The movement disorder specialist at Cambridge University Hospitals NHS Foundation Trust discussed the rise of wearable technology for managing Parkinson disease to potentially empower patients and monitor the disease at early stages. [WATCH TIME: 4 minutes]
WATCH TIME: 4 minutes
"With wearable technology, patients are going to know before they further progress into the disease. They can then see that [wearable devices] are an option and they can get in contact with their provider about it. In the future, hopefully we will be going towards AI predicting and preventing symptoms. I think wearable technology really is coming to its full. At the MDS [Congress], there was a huge number of companies who are looking at monitoring PD with these devices and I think in the future, we're going to see much more of that.”

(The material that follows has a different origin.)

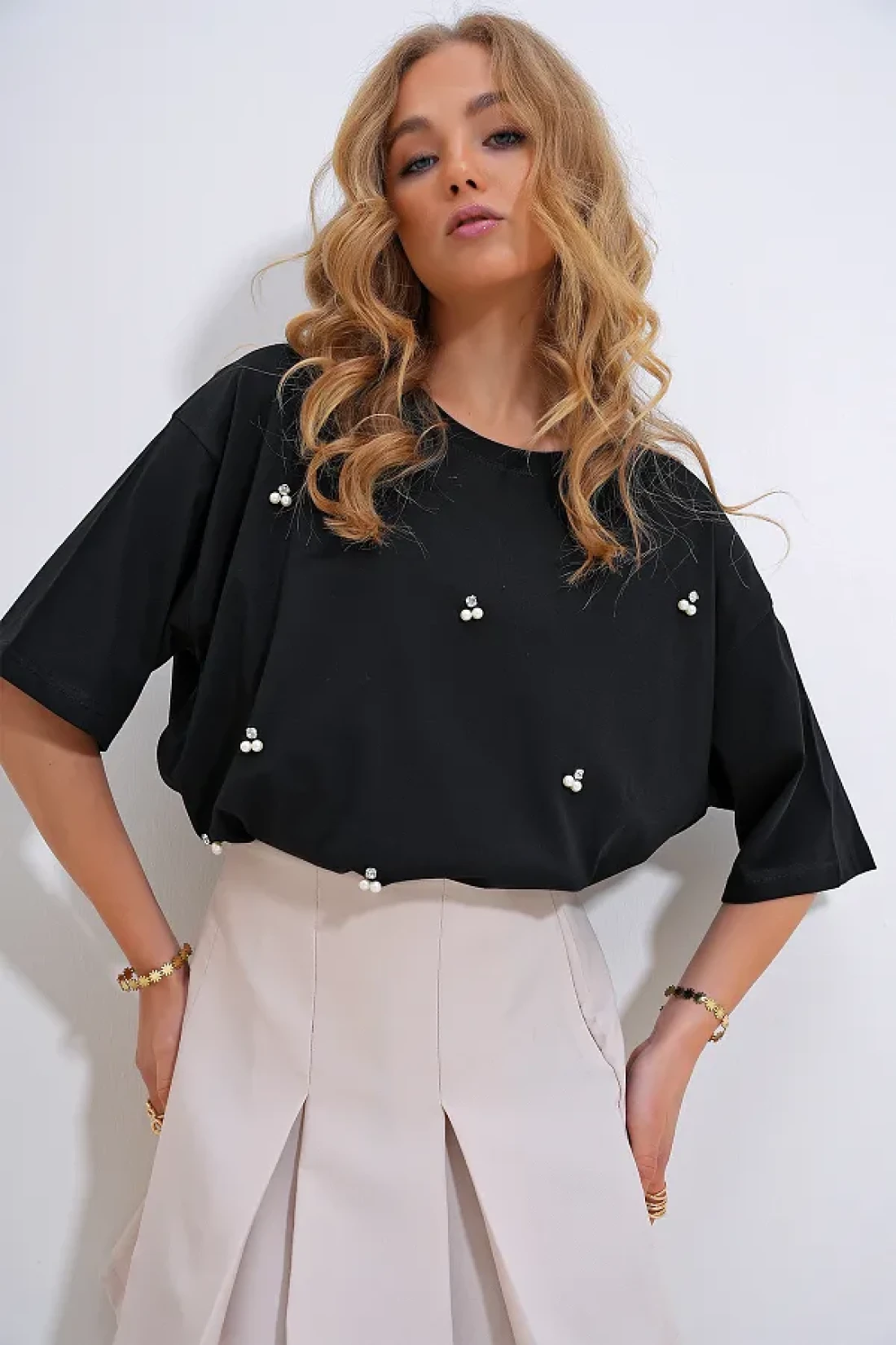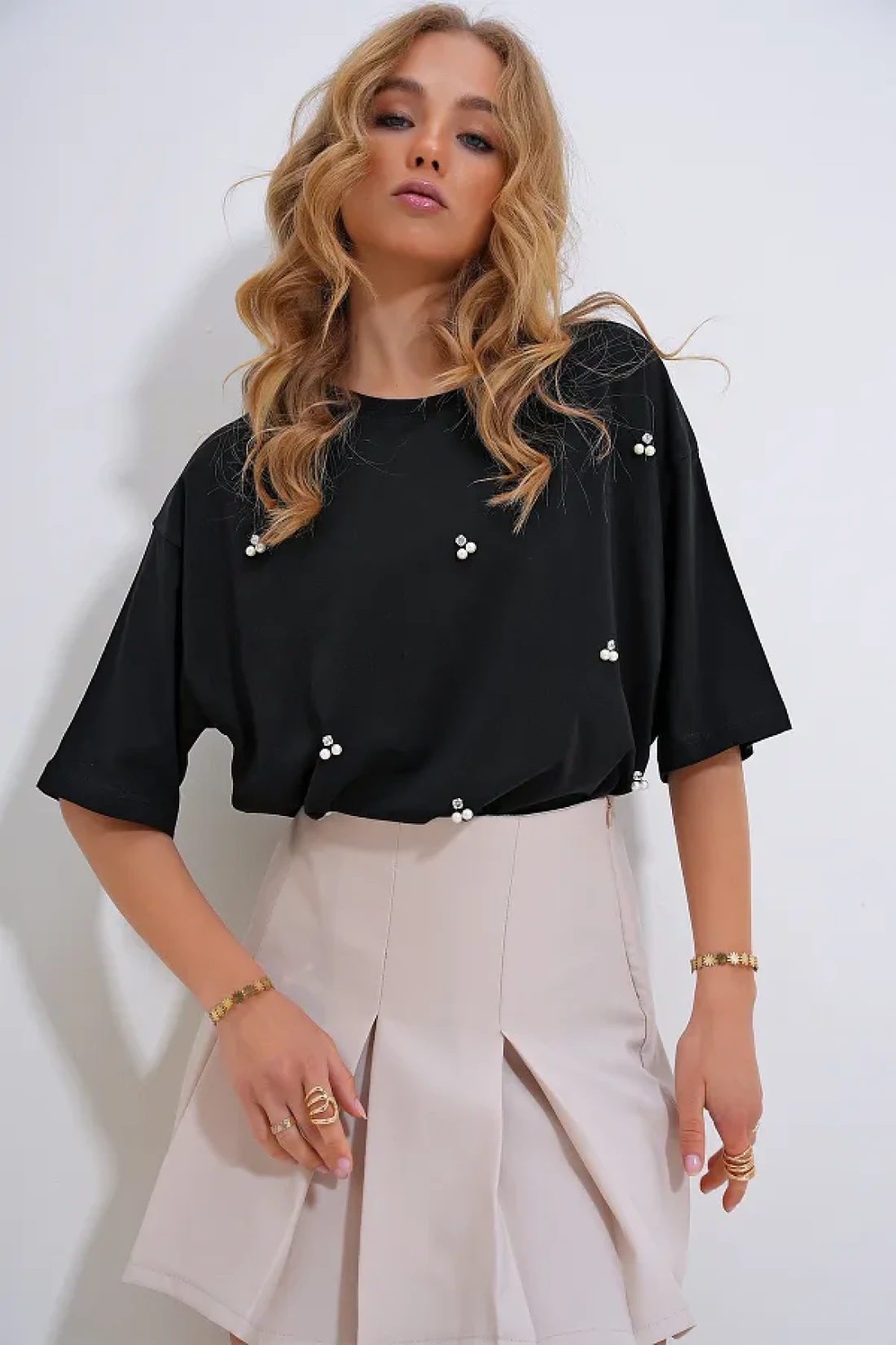 Trend Alaçatı Stili Women's Black Crew Neck Oversize Pearl and Stone Embroidered T-Shirt ALC-X11964

The rising prevalence of patients diagnosed with Parkinson disease (PD) is becoming an increasing concern owing to the aging population globally. To combat this, wearable devices introduced into the field have shown the potential to improve the clinical care of those living with PD while also reducing the costs for health care.1 In a new research study published in Achieves of Physical Medicine and Rehabilitation, findings suggested that wearable cueing devices may result in an immediate improvement in walking speed but required more evidence on significantly improving other gait or motor functions.2
At the 2023 International Congress of Parkinson’s Disease and Movement Disorders, held August 27-31, in Copenhagen, Denmark, lead author Alistair Mackett, MD, presented findings from a case study of a 77-year-old patient with PD with rapidly progressive freezing of gait followed over a 4-month period. In the study, treatment with the use of a focused vibrotactile stimulation and curing device (FVCD) resulted in sustained improvement in Movement Disorder Society Unified Parkinson Disease Rating Scale (MDS-UPDRS) III.3 Following the device acclimatization, baseline MDS-UPDRS III score improved from 35 to 29 and was maintained at the 4 month follow up visit, with a score of 28.
After the meeting, Mackett, a movement disorder specialist at Cambridge University Hospitals NHS Foundation Trust and clinical assessor at Charco Neurotech, sat down in an interview with NeurologyLive® to further discuss the use of Charco’s CUE1 device from the study presented. He talked about how CUE1 simplifies the management of PD symptoms for patients and what the early data suggests about the safety and efficacy of the device. In addition, Mackett shared his thoughts from a clinical perspective on how wearable technology and AI mechanisms could potentially revolutionize PD care in the future.